• Information given:
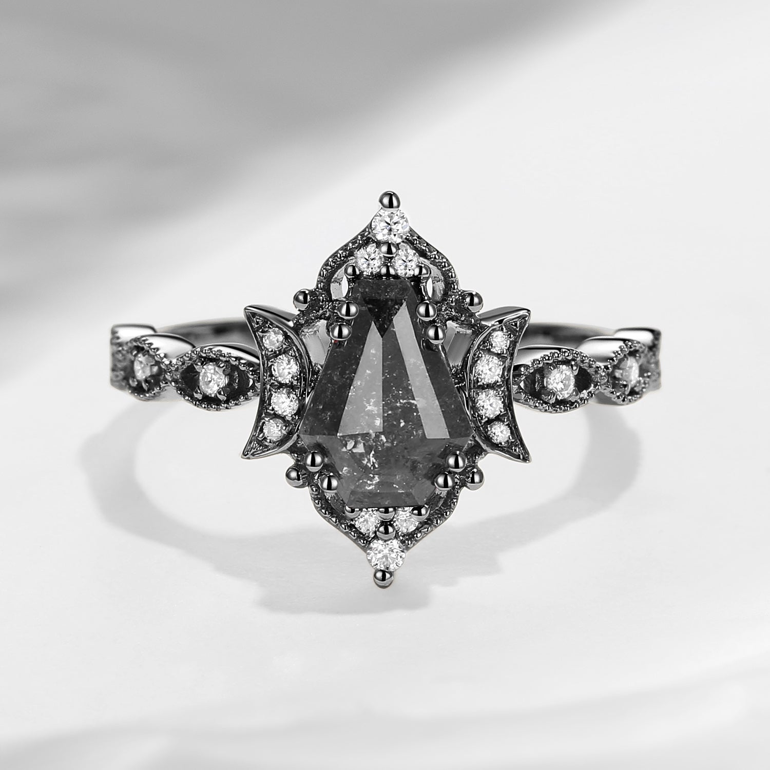 Crescent Moon | Coffin Cut Salt & Pepper Diamond Engagement Ring Unique Engagement Ring
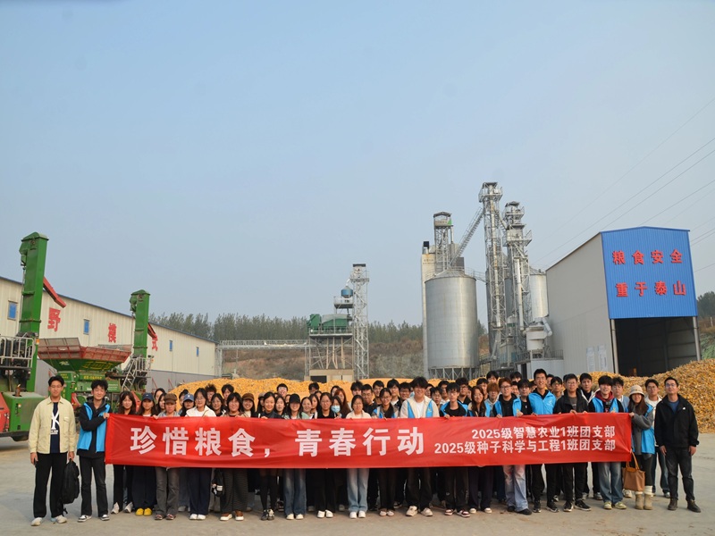 为引导学生深刻理解专业使命,增强节粮爱粮意识,10月30日,现代农学院2025级智慧农业1班团支部与2025级种子科学与工程1班团支部联合组织,前往潍城区潍坊绿野农机专业合作社,成功开展了一场别开生面的“珍惜粮食,青春行动”主题团日活动。本次活动将专业认知教育与劳动教育、国情教育深度融合,让同学们在粮食生产一线上了生动而深刻的一课。
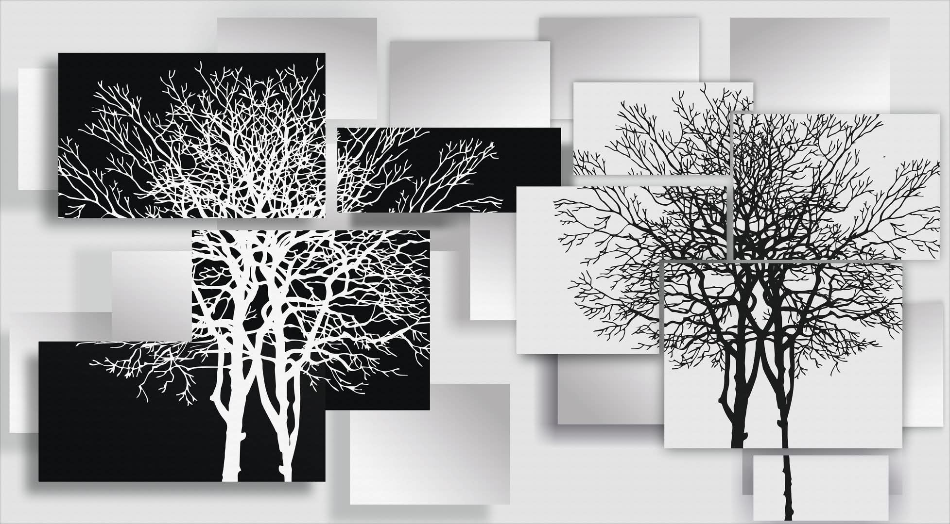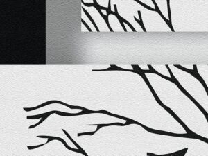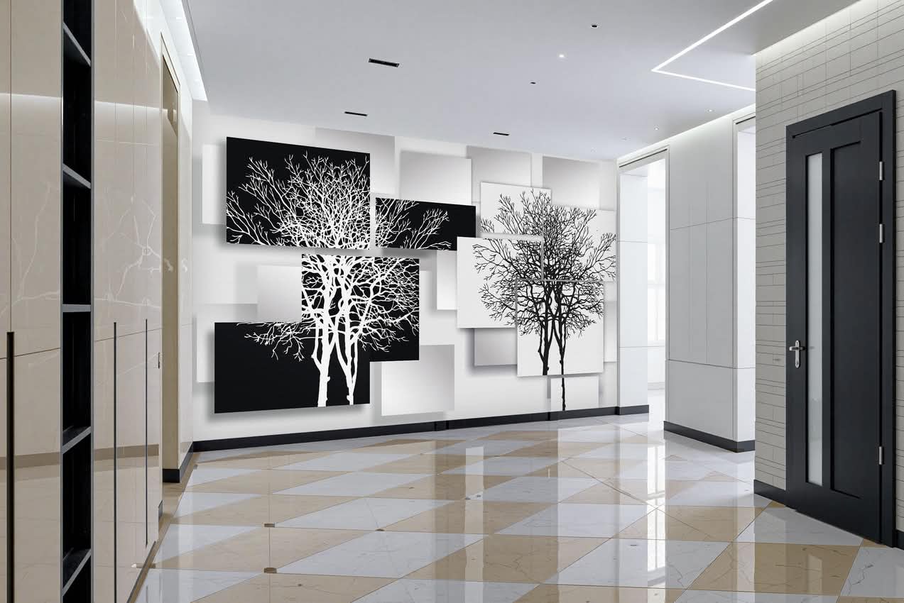 Impressive three-dimensional cubist mural featuring abstract trees. Simple, yet very dynamic.
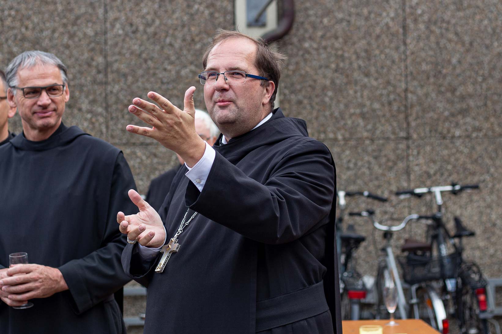 Anhand des Abteischlüssels erklärte Abt Michael symbolisch, was es heißt, Missionsbenediktiner zu sein. Dieser stehe als Symbol des Jubiläumsjahres unter dem Motto "be open" für die Offenheit, welche die Missionsbenediktiner ausmache. Als Begrüßungsgeschenk und Erinnerung erhielten die Mönche diesen Schlüssel als Kettenanhänger.
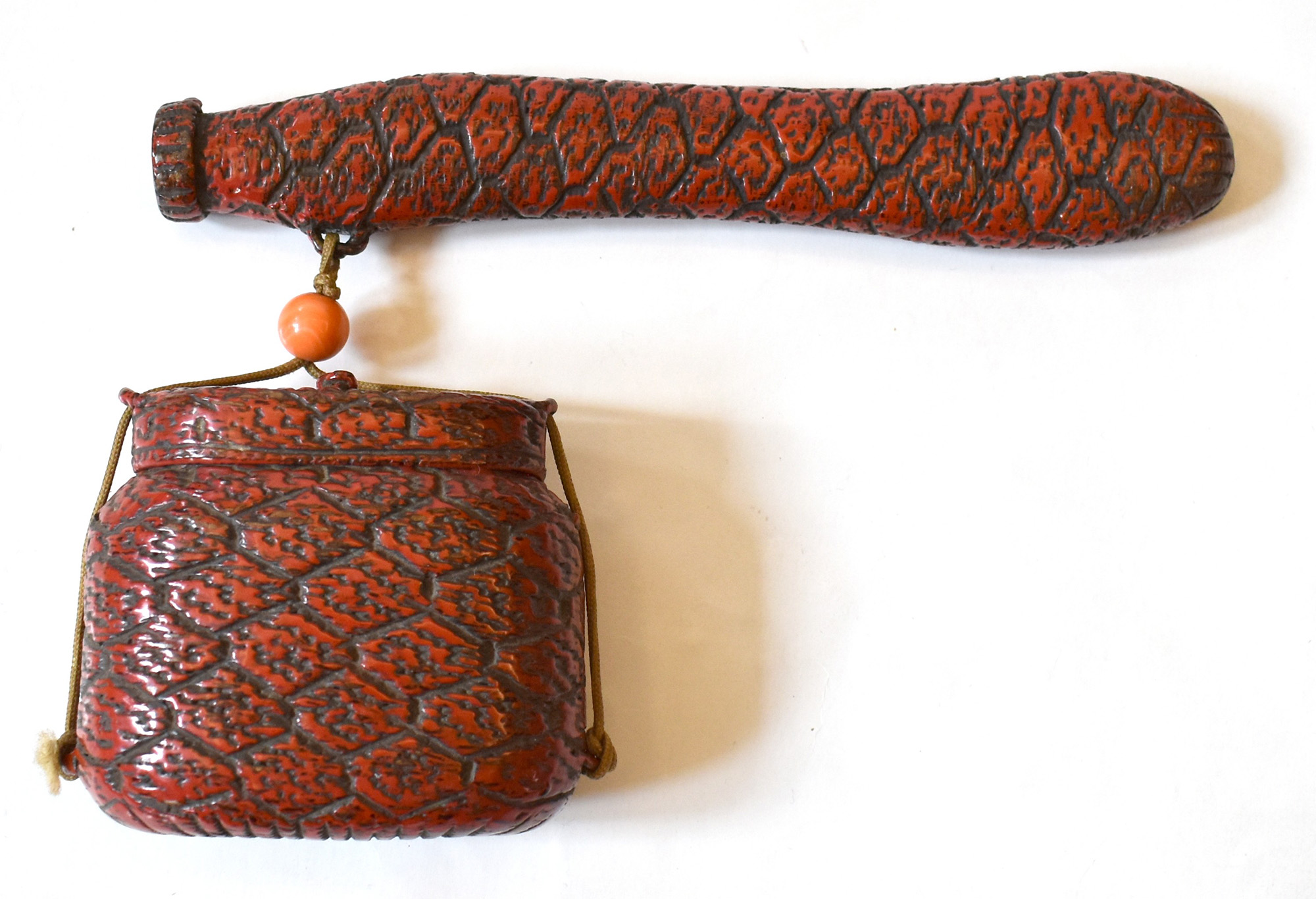 Giappone portatabacco e pipa in lacca rossa epoca Meiji 1866-1912
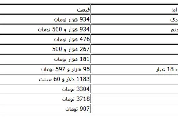 در بازار ارز نیز یک دلار آمریکا مثل دیروز به نرخ 3304 تومان فروخته شد؛ یورو هم به قیمت 3718 تومان عرضه شد که روز گذشته قیمت آن 3724 تومان بود.
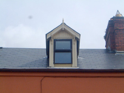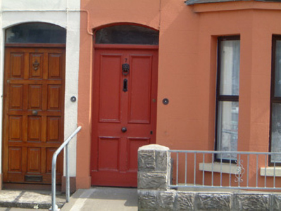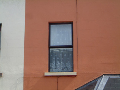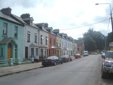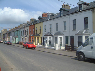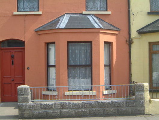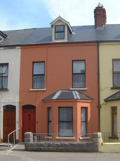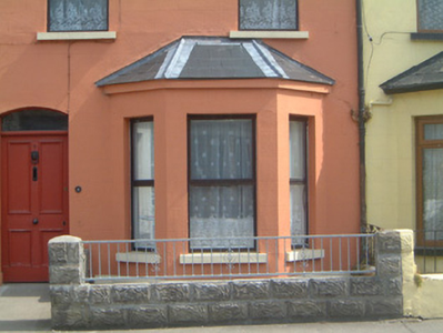 Terraced two-bay two-storey rendered house with dormer attic, built c. 1890, with projecting single-storey canted bay window to ground floor south. One of a group of nine. Pitched artificial slate roof, painted timber gabled dormer with pinnacled barge-boards carried on carved corbel brackets and decorative vertical sheeting to tympanum, red brick corbelled chimneystack, cast-iron rainwater goods. Hipped artificial slate roof to bay, lead hips, cast-iron rainwater goods. Painted smooth-rendered ruled-and-lined walls. Square-headed window openings, painted stone sills, uPVC casements c.1990. Segmental-headed door opening, plain-glazed overlight, painted timber four-panel door. Set back slightly from street with small garden area to front bounded by mild steel railings on concrete block plinth wall.

• What needs to be done:
Leaving the pictures aside, output each entry above exactly as written.

• Answer space:
 Crescent Moon | Coffin Cut Salt & Pepper Diamond Engagement Ring Unique Engagement Ring
 为引导学生深刻理解专业使命,增强节粮爱粮意识,10月30日,现代农学院2025级智慧农业1班团支部与2025级种子科学与工程1班团支部联合组织,前往潍城区潍坊绿野农机专业合作社,成功开展了一场别开生面的“珍惜粮食,青春行动”主题团日活动。本次活动将专业认知教育与劳动教育、国情教育深度融合,让同学们在粮食生产一线上了生动而深刻的一课。
 Impressive three-dimensional cubist mural featuring abstract trees. Simple, yet very dynamic.
 Anhand des Abteischlüssels erklärte Abt Michael symbolisch, was es heißt, Missionsbenediktiner zu sein. Dieser stehe als Symbol des Jubiläumsjahres unter dem Motto "be open" für die Offenheit, welche die Missionsbenediktiner ausmache. Als Begrüßungsgeschenk und Erinnerung erhielten die Mönche diesen Schlüssel als Kettenanhänger.
 Giappone portatabacco e pipa in lacca rossa epoca Meiji 1866-1912
 در بازار ارز نیز یک دلار آمریکا مثل دیروز به نرخ 3304 تومان فروخته شد؛ یورو هم به قیمت 3718 تومان عرضه شد که روز گذشته قیمت آن 3724 تومان بود.
 Terraced two-bay two-storey rendered house with dormer attic, built c. 1890, with projecting single-storey canted bay window to ground floor south. One of a group of nine. Pitched artificial slate roof, painted timber gabled dormer with pinnacled barge-boards carried on carved corbel brackets and decorative vertical sheeting to tympanum, red brick corbelled chimneystack, cast-iron rainwater goods. Hipped artificial slate roof to bay, lead hips, cast-iron rainwater goods. Painted smooth-rendered ruled-and-lined walls. Square-headed window openings, painted stone sills, uPVC casements c.1990. Segmental-headed door opening, plain-glazed overlight, painted timber four-panel door. Set back slightly from street with small garden area to front bounded by mild steel railings on concrete block plinth wall.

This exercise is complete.